▸ SOURCE MATERIAL
▽

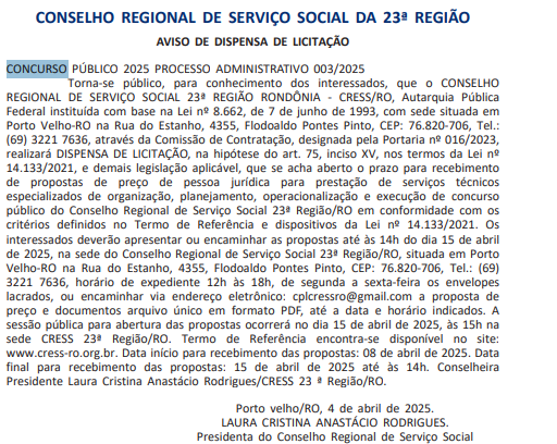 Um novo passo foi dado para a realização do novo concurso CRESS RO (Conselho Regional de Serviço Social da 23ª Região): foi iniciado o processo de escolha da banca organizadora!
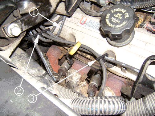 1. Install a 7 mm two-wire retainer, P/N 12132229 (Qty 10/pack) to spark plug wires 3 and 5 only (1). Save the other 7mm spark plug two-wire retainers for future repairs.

△
▽

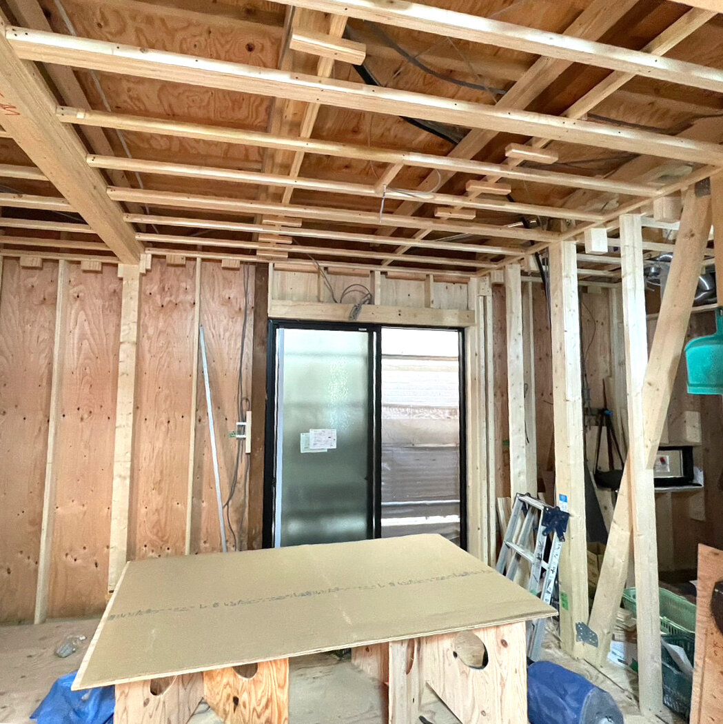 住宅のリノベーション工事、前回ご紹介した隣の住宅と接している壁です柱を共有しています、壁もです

△
▽

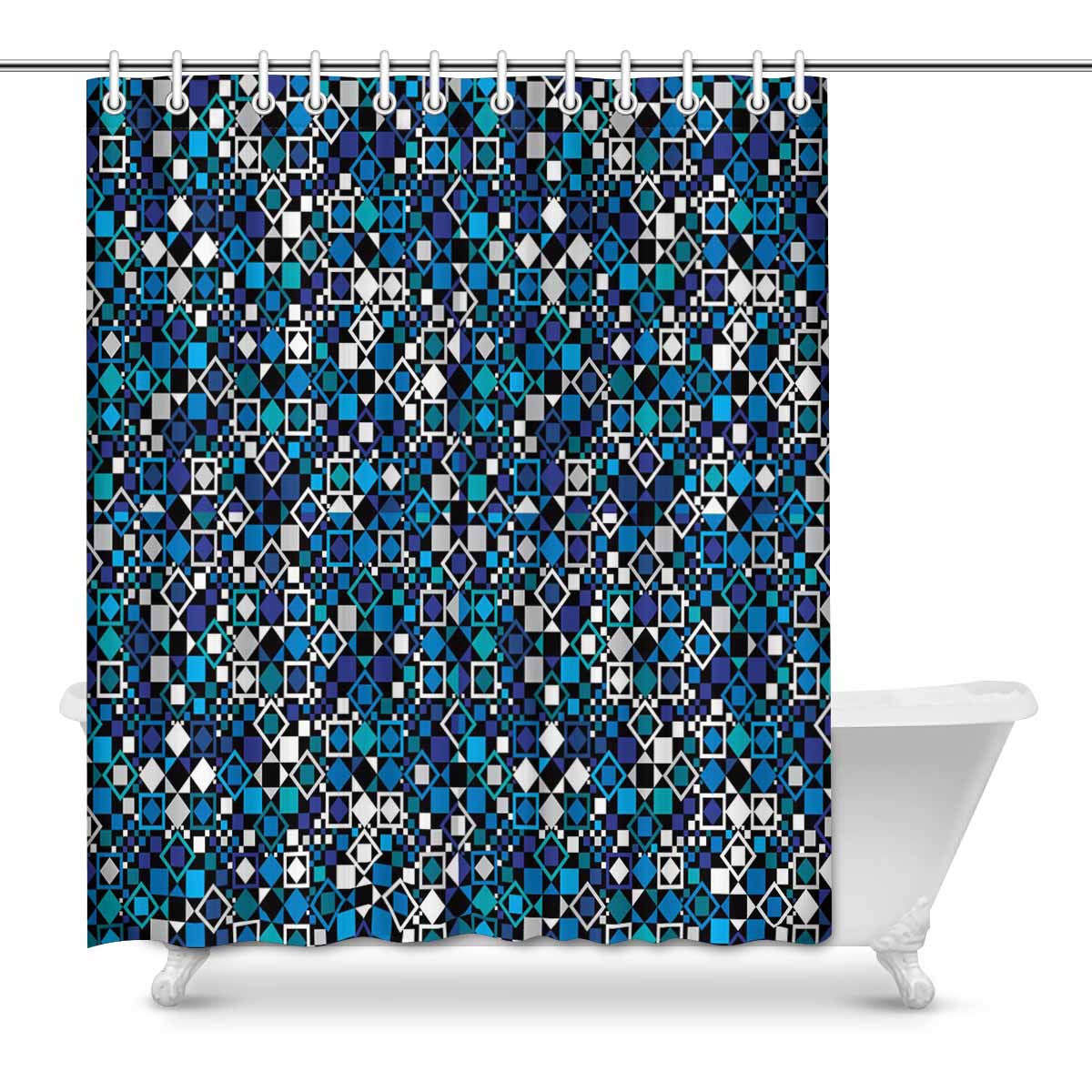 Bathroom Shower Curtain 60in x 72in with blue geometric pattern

△

▸ WHAT THE TASK REQUIRES
Within the listing above, find the line containing "Um novo passo" and the line containing "1. Install a". Transcribe them and everything between them exactly, leaving out the pictures.

▸ RESPONSE TO THIS TASK
 Um novo passo foi dado para a realização do novo concurso CRESS RO (Conselho Regional de Serviço Social da 23ª Região): foi iniciado o processo de escolha da banca organizadora!
 1. Install a 7 mm two-wire retainer, P/N 12132229 (Qty 10/pack) to spark plug wires 3 and 5 only (1). Save the other 7mm spark plug two-wire retainers for future repairs.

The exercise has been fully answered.